Es ist eine reizende Fahrt durch diesen Canal, der bald zwischen hohen steilen Ufern sich hinwindet, bald sich der Seite eines mit Gebüsch bestandenen Hügels anschmiegt. der hier durch offenes Land verläuft, dort sich durch enge Felsenmauern zwängt. An den Schleusen gibt es selbstverständlich einigen Aufenthalt.

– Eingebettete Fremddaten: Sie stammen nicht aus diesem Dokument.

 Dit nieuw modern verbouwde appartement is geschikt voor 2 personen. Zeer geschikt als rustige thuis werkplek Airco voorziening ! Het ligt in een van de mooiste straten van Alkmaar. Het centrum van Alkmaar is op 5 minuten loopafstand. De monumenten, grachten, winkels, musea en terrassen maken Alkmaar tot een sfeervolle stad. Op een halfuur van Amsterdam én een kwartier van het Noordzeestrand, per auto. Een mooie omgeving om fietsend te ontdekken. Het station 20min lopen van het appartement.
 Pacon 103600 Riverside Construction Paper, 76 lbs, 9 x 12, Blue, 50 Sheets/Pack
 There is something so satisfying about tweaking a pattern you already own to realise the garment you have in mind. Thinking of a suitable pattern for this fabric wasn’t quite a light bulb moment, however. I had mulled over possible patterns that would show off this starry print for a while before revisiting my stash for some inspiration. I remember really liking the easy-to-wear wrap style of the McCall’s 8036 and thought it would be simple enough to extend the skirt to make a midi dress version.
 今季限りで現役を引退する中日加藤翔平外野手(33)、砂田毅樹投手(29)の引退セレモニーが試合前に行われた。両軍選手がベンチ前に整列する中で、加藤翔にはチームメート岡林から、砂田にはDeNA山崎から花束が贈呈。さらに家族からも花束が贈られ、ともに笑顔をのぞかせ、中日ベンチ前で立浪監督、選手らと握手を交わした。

Während die betreffenden Leute das Schiff möglichst rasch heben oder senken, bieten junge Männer oder junge Mädchen, die Kinder des Landes, den Touristen frisch gemolkene Milch an und sprechen dabei jenes gaëlische Idiom, dessen sich die alten Kelten dereinst bedienten, eine Sprache, welche ein Fremder gar nicht und selbst ein Engländer nur selten versteht.

Sechs Stunden später – an einer der Schleusen, welche schlecht functionirte, war ein Aufenthalt von zwei Stunden entstanden – verschwanden allmählich die Weiler und Farmen, der sonst etwas traurigen Gegend, gleichwie die ungeheuren Sümpfe von Add, die sich an der rechten Seite des Canals ausdehnen. Der »Linnet« hielt beim Dorfe Ballanoch kurze Zeit an. Hier mußte eine zweite Uebersiedlung[43] stattfinden. Die Passagiere der »Columbia«, jetzt solche des »Glengarry«, dampften nun nach Nordwesten, um aus der Bucht von Crinan herauszukommen und die Landspitze zu umschiffen, auf der sich das alte Feudalschloß Duntroon-Castle erhebt.

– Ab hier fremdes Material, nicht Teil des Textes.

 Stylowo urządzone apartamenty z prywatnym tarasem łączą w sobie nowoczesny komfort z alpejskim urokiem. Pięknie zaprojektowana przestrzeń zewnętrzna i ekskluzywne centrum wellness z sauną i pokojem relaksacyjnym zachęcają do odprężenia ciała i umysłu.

Seit jenem kurzen Augenblicke, bei Umsegelung der Insel Bute, war der Meereshorizont noch nicht wieder erschienen.

Man begreift leicht die Ungeduld der Miß Campbell. Auf diesen, nach allen Seiten eingeschlossenen Gewässern hätte sie eher geglaubt, mitten in Schottland, in der Gegend der Landseen, im Land Rob Roy's zu sein. Ueberall pittoreske Inseln mit weichen Wellenlinien und von Weiden und Lärchenbäumen bestanden.

Endlich überholte der »Glengarry« die Nordspitze der Insel Jura, und zwischen dieser Spitze und der kleinen Insel Scarba, welche davon losgelöst ist, erschien die ausgedehnte Fläche des Meeres, welche sich mit dem unteren Himmelsrande berührte.

»Nun, da sieh, liebe Helena, sagte Bruder Sam, während seine Hand nach Westen hindeutete.

– Es war ja nicht unser Fehler, fügte Bruder Sib hinzu, wenn diese verzwickten Inseln, die der alte Nick versenken möge, Dir den Ausblick eine zeitlang gehemmt haben.

– Ihr seid vollständig entschuldigt, liebe Onkels, antwortete Miß Campbell, aber ich wünschte doch, daß so etwas nicht wieder vorkäme.«

Quelle:
Jules Verne: Der grüne Strahl. Bekannte und unbekannte Welten. Abenteuerliche Reisen von Julius Verne, Band XLII, Wien, Pest, Leipzig 1887, S. 40-44.